Instructions to follow:
What is needed is a word-for-word copy of the lines below from the one with "欧米人風あだ名 | 『マイケルふじはしれいな』 |" through the one with "接下来进入合唱环节,全体毕业", both included, with every picture left out.

Given data:
- - -
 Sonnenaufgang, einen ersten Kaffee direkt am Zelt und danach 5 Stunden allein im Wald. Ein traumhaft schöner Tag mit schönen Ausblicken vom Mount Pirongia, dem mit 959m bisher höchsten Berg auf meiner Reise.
- - -
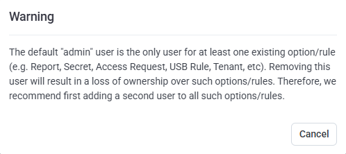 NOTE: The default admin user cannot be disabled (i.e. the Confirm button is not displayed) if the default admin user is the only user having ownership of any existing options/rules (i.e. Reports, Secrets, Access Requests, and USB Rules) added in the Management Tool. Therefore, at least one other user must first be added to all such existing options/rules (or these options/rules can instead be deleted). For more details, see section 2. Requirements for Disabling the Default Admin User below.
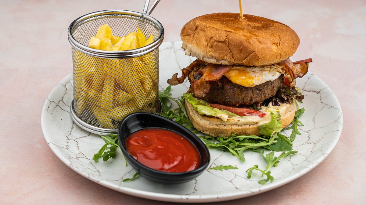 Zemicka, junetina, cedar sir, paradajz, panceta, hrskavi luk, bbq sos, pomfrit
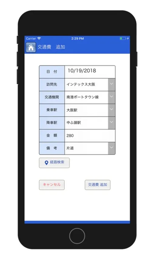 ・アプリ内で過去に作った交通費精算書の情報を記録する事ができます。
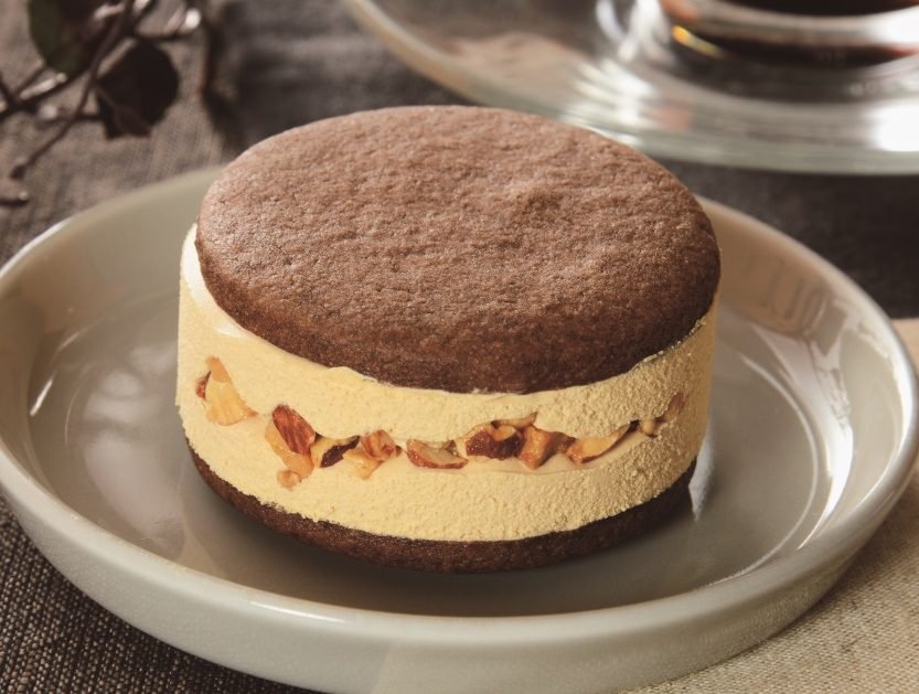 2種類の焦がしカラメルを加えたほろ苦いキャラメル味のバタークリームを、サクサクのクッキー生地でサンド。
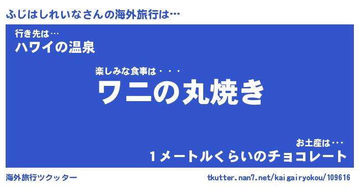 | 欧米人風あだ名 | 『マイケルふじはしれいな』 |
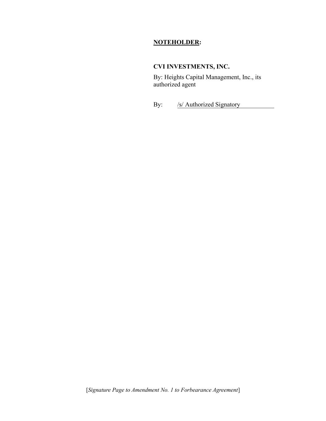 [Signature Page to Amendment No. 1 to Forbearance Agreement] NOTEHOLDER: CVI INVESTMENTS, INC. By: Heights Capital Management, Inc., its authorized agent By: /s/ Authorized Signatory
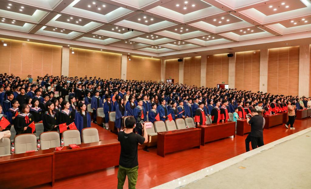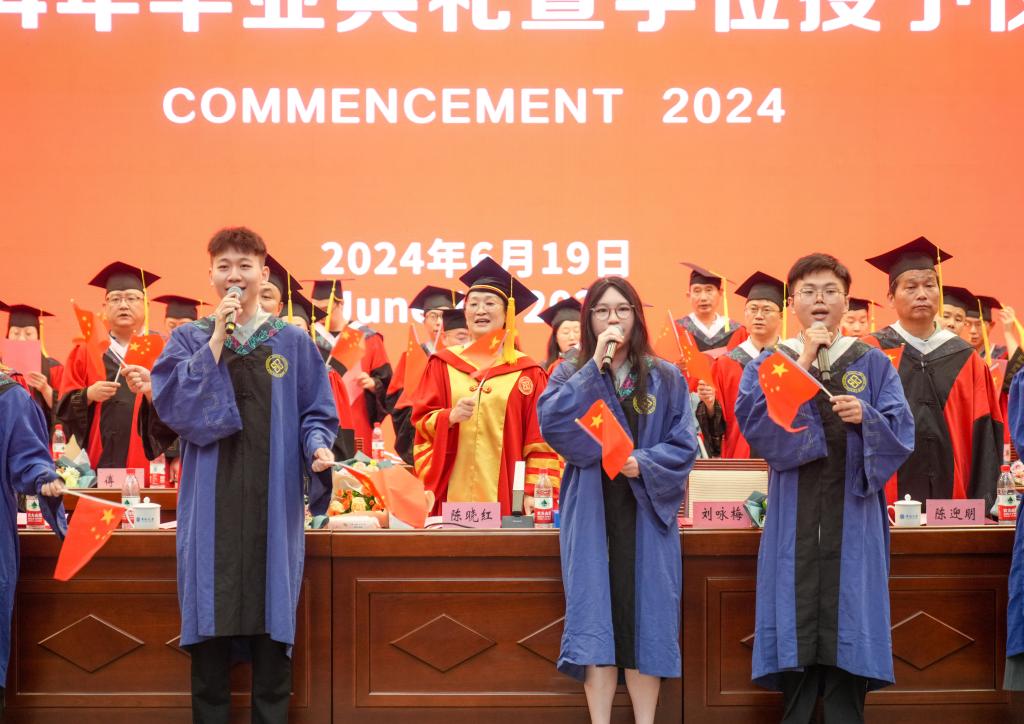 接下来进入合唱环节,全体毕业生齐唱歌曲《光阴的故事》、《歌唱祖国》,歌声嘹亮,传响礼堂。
- - -
Response to the task:
 | 欧米人風あだ名 | 『マイケルふじはしれいな』 |
 [Signature Page to Amendment No. 1 to Forbearance Agreement] NOTEHOLDER: CVI INVESTMENTS, INC. By: Heights Capital Management, Inc., its authorized agent By: /s/ Authorized Signatory
 接下来进入合唱环节,全体毕业生齐唱歌曲《光阴的故事》、《歌唱祖国》,歌声嘹亮,传响礼堂。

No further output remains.